◆ Required work ◆
Copying rule for the data below: pictures stay out, and only the lines from the one with "べっ甲風素材のスターモチーフピアス" down to the one with "Fashion Printed Layered", inclusive, are repeated exactly.

◆ Source material ◆
******
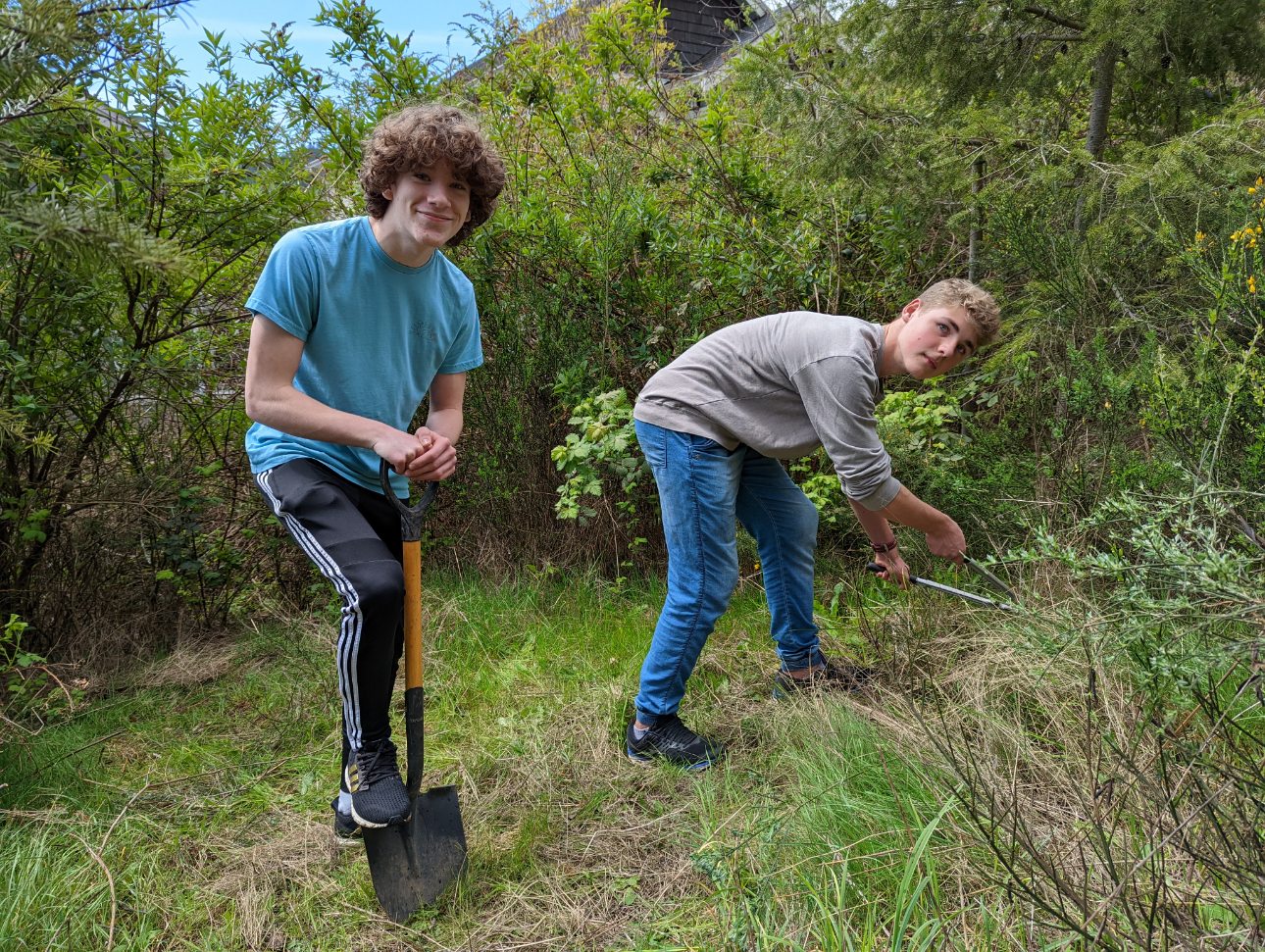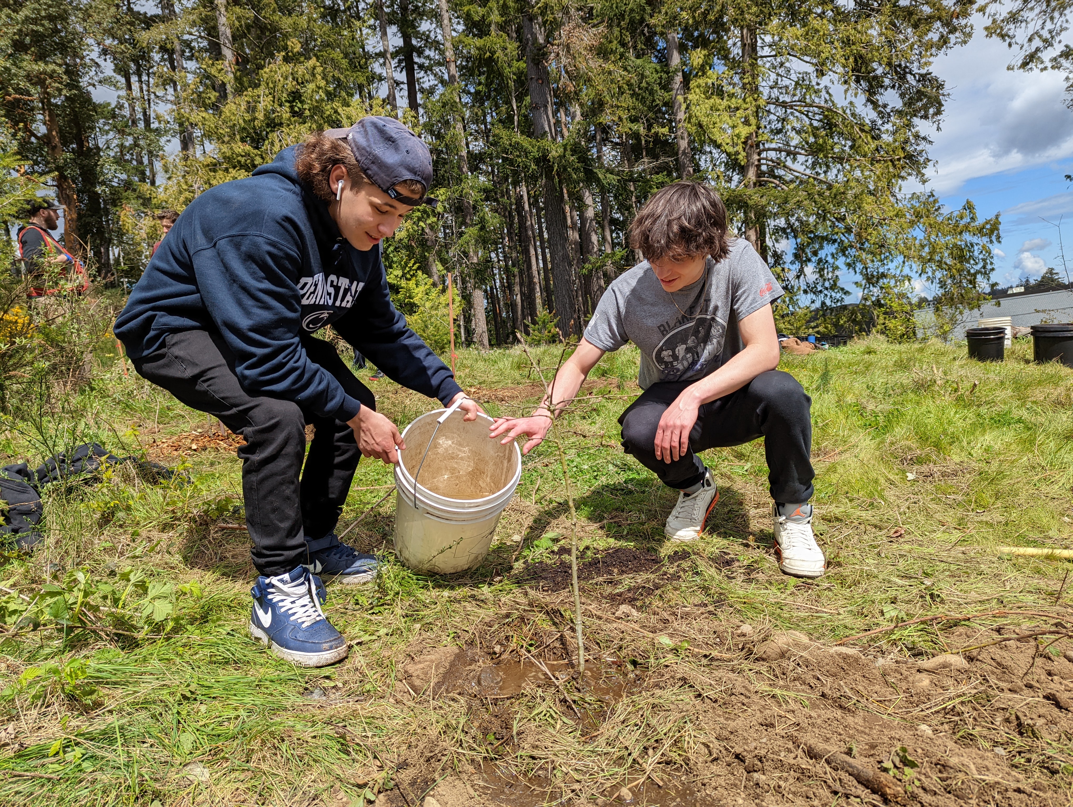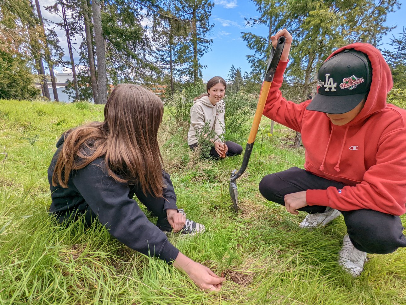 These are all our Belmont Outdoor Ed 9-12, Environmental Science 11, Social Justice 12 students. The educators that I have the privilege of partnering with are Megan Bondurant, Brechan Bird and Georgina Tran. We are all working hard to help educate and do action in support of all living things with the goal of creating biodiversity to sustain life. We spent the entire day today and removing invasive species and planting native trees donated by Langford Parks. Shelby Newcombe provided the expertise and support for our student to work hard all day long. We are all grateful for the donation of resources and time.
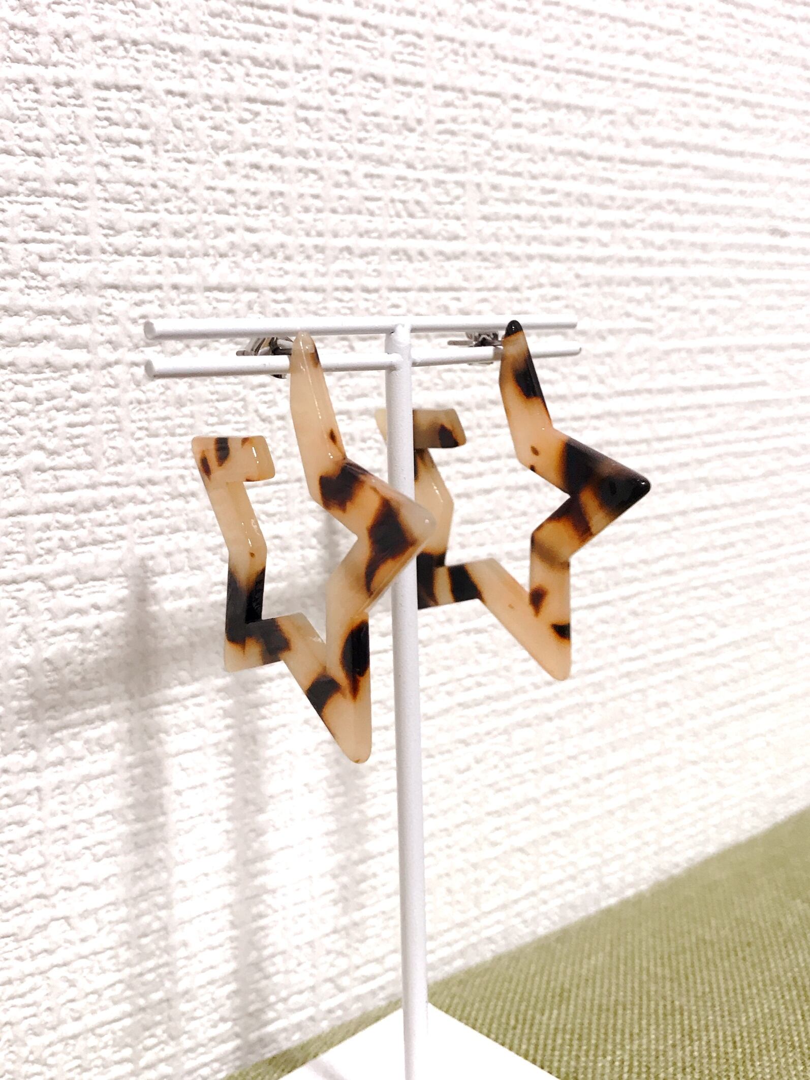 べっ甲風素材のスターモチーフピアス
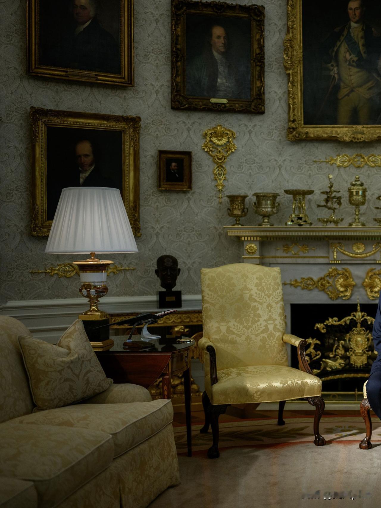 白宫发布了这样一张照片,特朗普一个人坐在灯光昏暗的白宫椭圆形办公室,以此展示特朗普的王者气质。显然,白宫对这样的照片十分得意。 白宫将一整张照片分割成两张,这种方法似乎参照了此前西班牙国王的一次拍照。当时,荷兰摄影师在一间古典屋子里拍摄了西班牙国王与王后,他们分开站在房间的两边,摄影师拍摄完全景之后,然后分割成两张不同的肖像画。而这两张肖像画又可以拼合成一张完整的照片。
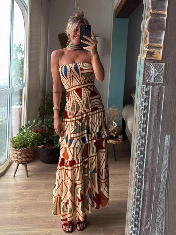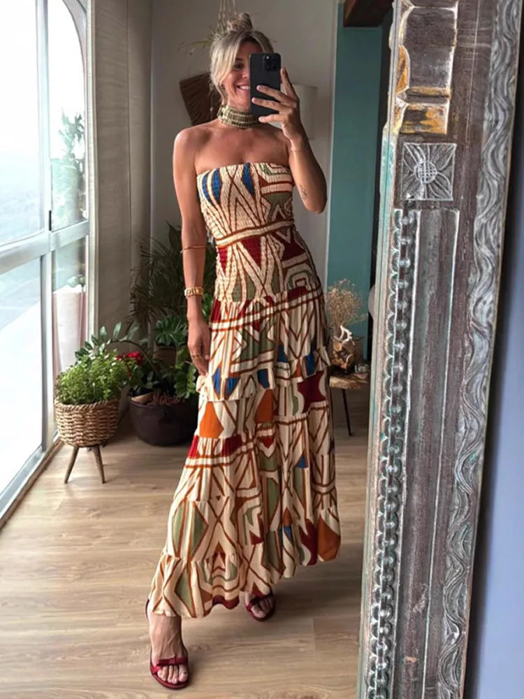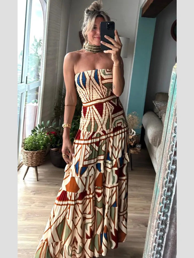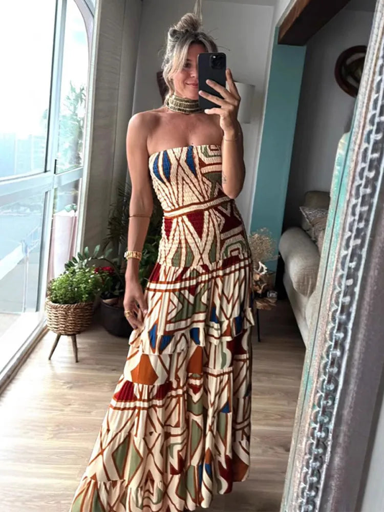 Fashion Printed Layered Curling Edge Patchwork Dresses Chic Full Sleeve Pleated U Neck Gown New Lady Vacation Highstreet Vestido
******
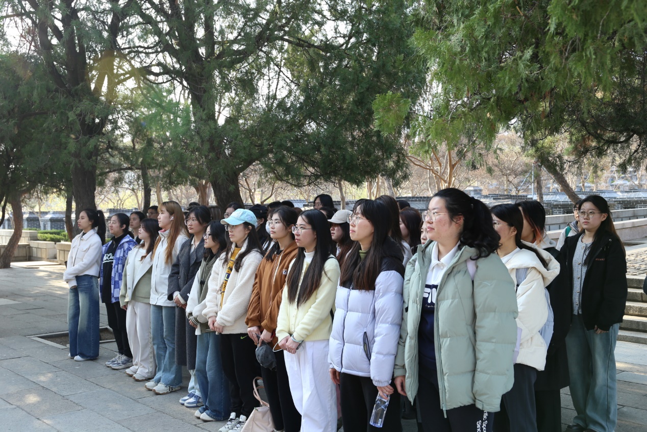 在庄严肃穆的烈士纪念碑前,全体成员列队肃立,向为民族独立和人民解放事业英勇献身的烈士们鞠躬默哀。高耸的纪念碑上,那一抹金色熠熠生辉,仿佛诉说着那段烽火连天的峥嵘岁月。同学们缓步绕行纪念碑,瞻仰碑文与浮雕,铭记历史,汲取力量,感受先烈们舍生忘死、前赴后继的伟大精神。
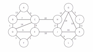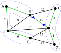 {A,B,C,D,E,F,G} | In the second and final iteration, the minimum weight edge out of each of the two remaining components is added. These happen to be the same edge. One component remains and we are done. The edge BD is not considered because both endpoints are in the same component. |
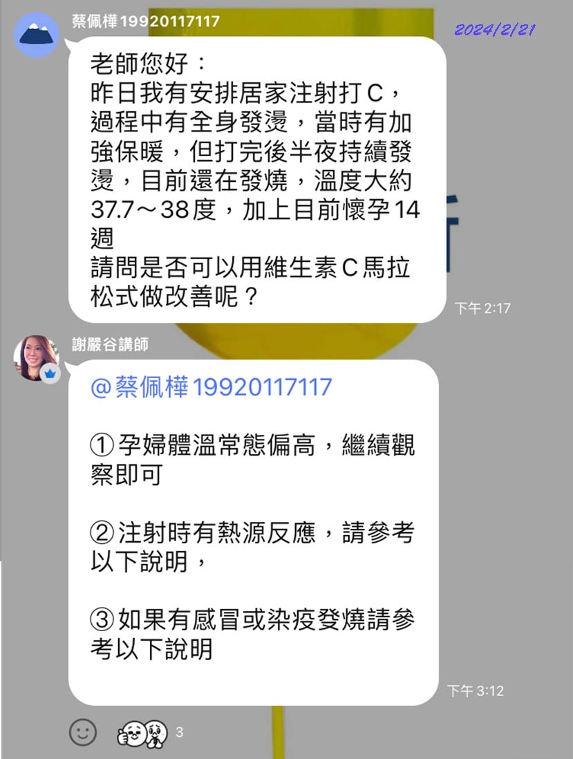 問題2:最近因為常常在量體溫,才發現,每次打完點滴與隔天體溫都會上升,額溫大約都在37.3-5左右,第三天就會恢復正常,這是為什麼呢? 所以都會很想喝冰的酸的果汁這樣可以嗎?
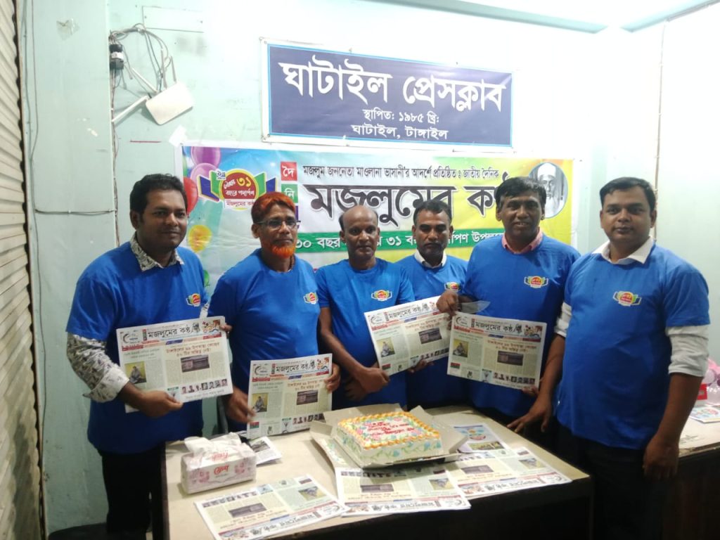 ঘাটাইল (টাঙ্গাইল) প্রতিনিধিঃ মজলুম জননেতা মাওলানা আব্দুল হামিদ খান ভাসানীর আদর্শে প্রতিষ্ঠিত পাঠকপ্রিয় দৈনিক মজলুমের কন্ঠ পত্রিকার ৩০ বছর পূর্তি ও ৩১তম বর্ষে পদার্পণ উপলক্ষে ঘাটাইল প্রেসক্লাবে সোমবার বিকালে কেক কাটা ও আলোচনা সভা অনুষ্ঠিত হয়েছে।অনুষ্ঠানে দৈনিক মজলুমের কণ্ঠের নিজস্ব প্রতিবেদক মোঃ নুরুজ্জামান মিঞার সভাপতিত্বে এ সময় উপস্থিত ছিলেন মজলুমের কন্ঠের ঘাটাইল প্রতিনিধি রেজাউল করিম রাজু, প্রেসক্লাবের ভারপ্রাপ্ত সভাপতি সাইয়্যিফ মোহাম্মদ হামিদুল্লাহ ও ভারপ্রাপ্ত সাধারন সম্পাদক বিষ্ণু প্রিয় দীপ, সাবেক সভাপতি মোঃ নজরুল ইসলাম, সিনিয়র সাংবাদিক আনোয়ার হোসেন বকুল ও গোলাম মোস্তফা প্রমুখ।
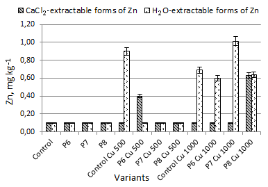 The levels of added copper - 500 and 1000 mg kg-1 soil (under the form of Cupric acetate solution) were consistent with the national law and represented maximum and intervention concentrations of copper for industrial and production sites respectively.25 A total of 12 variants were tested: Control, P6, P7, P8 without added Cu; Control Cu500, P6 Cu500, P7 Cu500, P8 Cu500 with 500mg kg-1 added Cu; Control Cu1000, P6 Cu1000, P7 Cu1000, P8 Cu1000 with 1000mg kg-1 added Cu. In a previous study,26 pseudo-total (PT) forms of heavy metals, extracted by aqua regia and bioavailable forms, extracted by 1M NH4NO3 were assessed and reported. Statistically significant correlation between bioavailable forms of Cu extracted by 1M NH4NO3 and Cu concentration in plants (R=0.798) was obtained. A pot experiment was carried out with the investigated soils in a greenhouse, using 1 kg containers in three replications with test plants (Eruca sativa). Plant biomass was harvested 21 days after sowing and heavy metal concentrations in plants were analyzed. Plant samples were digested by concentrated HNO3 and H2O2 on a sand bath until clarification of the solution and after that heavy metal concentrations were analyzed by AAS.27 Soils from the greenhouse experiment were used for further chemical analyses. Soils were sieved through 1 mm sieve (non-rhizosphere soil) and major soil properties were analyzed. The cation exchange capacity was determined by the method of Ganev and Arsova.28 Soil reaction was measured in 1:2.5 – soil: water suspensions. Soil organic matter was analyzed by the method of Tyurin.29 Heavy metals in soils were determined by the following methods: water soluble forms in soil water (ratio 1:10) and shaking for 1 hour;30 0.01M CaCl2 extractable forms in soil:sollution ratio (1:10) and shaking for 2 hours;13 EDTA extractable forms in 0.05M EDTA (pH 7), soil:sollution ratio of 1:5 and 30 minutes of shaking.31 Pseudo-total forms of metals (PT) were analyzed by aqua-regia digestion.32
******
◆ Answer box ◆
 べっ甲風素材のスターモチーフピアス
 白宫发布了这样一张照片,特朗普一个人坐在灯光昏暗的白宫椭圆形办公室,以此展示特朗普的王者气质。显然,白宫对这样的照片十分得意。 白宫将一整张照片分割成两张,这种方法似乎参照了此前西班牙国王的一次拍照。当时,荷兰摄影师在一间古典屋子里拍摄了西班牙国王与王后,他们分开站在房间的两边,摄影师拍摄完全景之后,然后分割成两张不同的肖像画。而这两张肖像画又可以拼合成一张完整的照片。
 Fashion Printed Layered Curling Edge Patchwork Dresses Chic Full Sleeve Pleated U Neck Gown New Lady Vacation Highstreet Vestido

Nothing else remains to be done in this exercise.